The IRS is seeing scam artists file false or misleading returns to claim refunds that they are not entitled to. Frivolous information returns, such as Form 1099-Original Issue Discount (OID), claiming false withholding credits are used to legitimize erroneous refund claims. The new scam has evolved from an earlier phony argument that a “strawman” bank account has been created for each citizen. Under this scheme, taxpayers fabricate an information return, arguing they used their “strawman” account to pay for goods and services and falsely claim the corresponding amount as withholding as a way to seek a tax refund.
Abuse of Charitable Organizations and Deductions
The IRS continues to observe the misuse of
tax-exempt organizations. Abuse includes arrangements to improperly shield
income or assets from taxation and attempts by donors to maintain control over
donated assets or income from donated property. The IRS also continues to
investigate various schemes involving the donation of non-cash assets,
including easements on property, closely held corporate stock and real
property. Often, the donations are highly overvalued or the organization
receiving the donation promises that the donor can purchase the items back at a
later date at a price the donor sets. The Pension Protection Act of 2006
imposed increased penalties for inaccurate appraisals and new definitions of qualified
appraisals and qualified appraisers for taxpayers claiming charitable
contributions.
Return Preparer Fraud
Dishonest return preparers can cause many headaches for taxpayers who fall victim to their ploys. Such preparers derive financial gain by skimming a portion of their clients’ refunds and charging inflated fees for return preparation services. They attract new clients by promising large refunds. Taxpayers should choose carefully when hiring a tax preparer. As the saying goes, if it sounds too good to be true, it probably is. No matter who prepares the return, the taxpayer is ultimately responsible for its accuracy. Since 2002, the courts have issued injunctions ordering dozens of individuals to cease preparing returns, and the Department of Justice has filed complaints against dozens of others, which are pending in court.
Frivolous Arguments
Promoters of frivolous schemes encourage people to make unreasonable and unfounded claims to avoid paying the taxes they owe. The IRS has a list of frivolous legal positions that taxpayers should stay away from. Taxpayers who file a tax return or make a submission based on one of the positions on the list are subject to a $5,000 penalty. More information is available on IRS.gov.

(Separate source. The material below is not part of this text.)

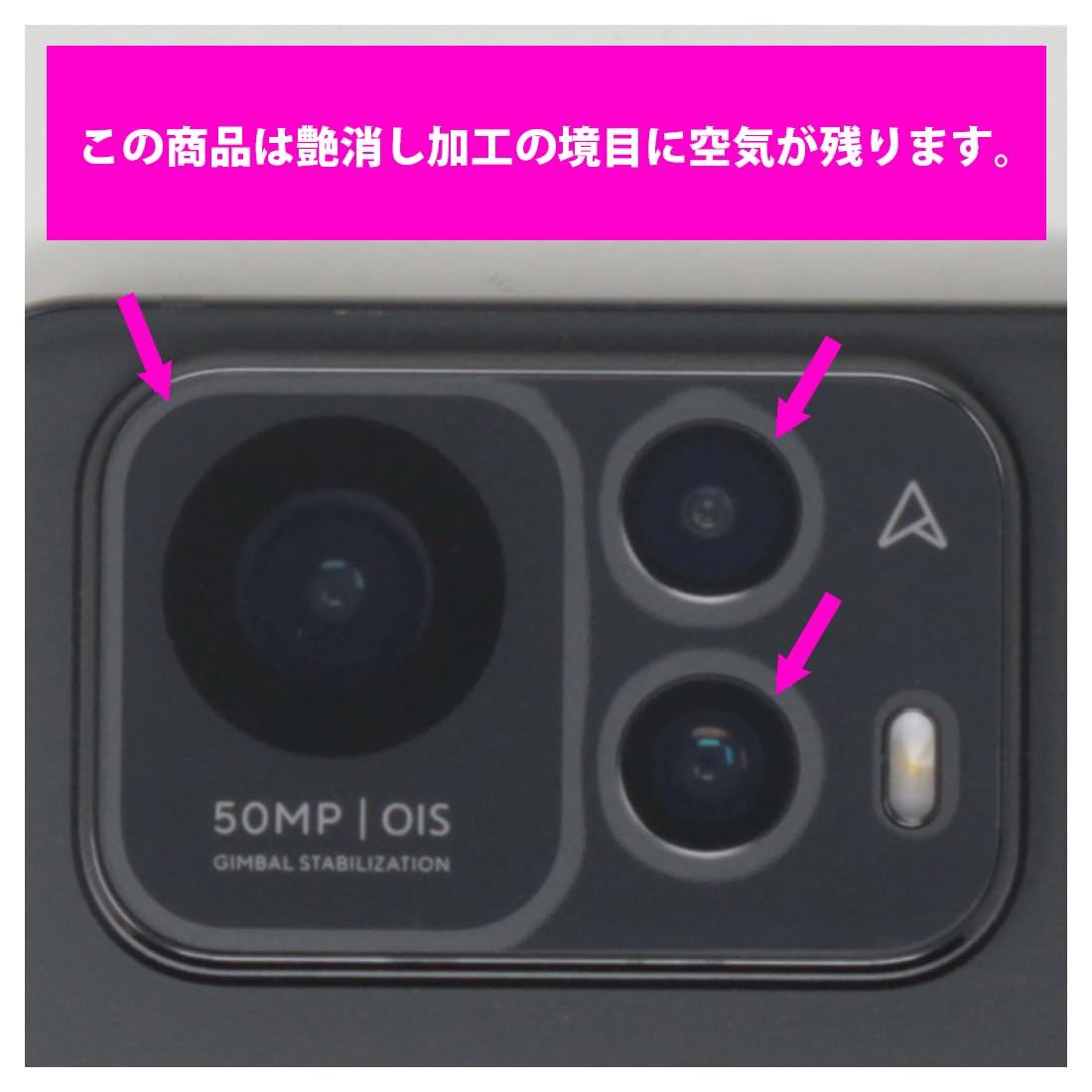 ※機器表面の仕上げの都合により、艶消し加工の境目に空気が残ります。 ※この機器はカメラレンズ部のコーティングが良いため、フィルムに力を加えると貼り付けた位置から動く場合がございます。簡単に戻せますので、戻してお使いください。

False Claims for Refund and Requests for Abatement
This scam involves a request for abatement of previously assessed tax using Form 843 Claim for Refund and Request for Abatement. Many individuals who try this have not previously filed tax returns. The tax they are trying to have abated has been assessed by the IRS through the Substitute for Return Program. The filer uses Form 843 to list reasons for the request. Often, one of the reasons given is “Failed to properly compute and/or calculate Section 83-Property Transferred in Connection with Performance of Service.”

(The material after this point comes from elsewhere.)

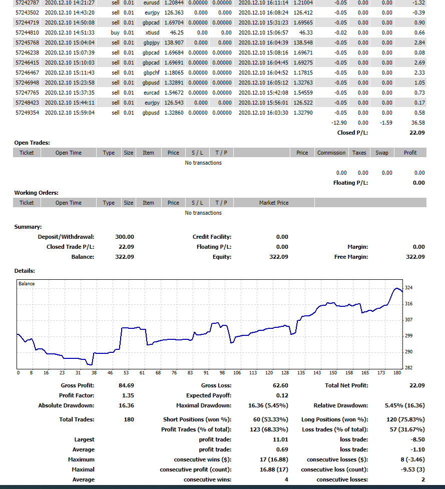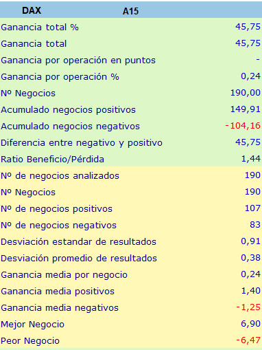 - Tienes una ganancia media de 5 pips y una pérdida media de -15 pips. Si no fuera por ese casi 74% de acierto que tienes, la cuenta estaría condenada a tener abundantes pérdidas, cuidado con eso.

Disguised Corporate Ownership
Some taxpayers form corporations and other entities in certain states for the primary purpose of disguising the ownership of a business or financial activity. Such entities can be used to facilitate underreporting of income, fictitious deductions, non-filing of tax returns, participating in listed transactions, money laundering, financial crimes, and even terrorist financing. The IRS is working with state authorities to identify these entities and to bring the owners of these entities into compliance.
Zero Wages
Filing a phony wage- or income-related information return to replace a legitimate information return has been used as an illegal method to lower the amount of taxes owed. Typically, a Form 4852 (Substitute Form W-2) or a “corrected” Form 1099 is used as a way to improperly reduce taxable income to zero. The taxpayer also may submit a statement rebutting wages and taxes reported by a payer to the IRS. Sometimes fraudsters even include an explanation on their Form 4852 that cites statutory language on the definition of wages or may include some reference to a paying company that refuses to issue a corrected Form W-2 for fear of IRS retaliation. Taxpayers should resist any temptation to participate in any of the variations of this scheme.
Misuse of Trusts
For years, unscrupulous promoters have urged taxpayers to transfer assets into trusts. While there are many legitimate, valid uses of trusts in tax and estate planning, some promoted transactions promise reduction of income subject to tax, deductions for personal expenses and reduced estate or gift taxes. Such trusts rarely deliver the promised tax benefits and are being used primarily as a means to avoid income tax liability and hide assets from creditors, including the IRS.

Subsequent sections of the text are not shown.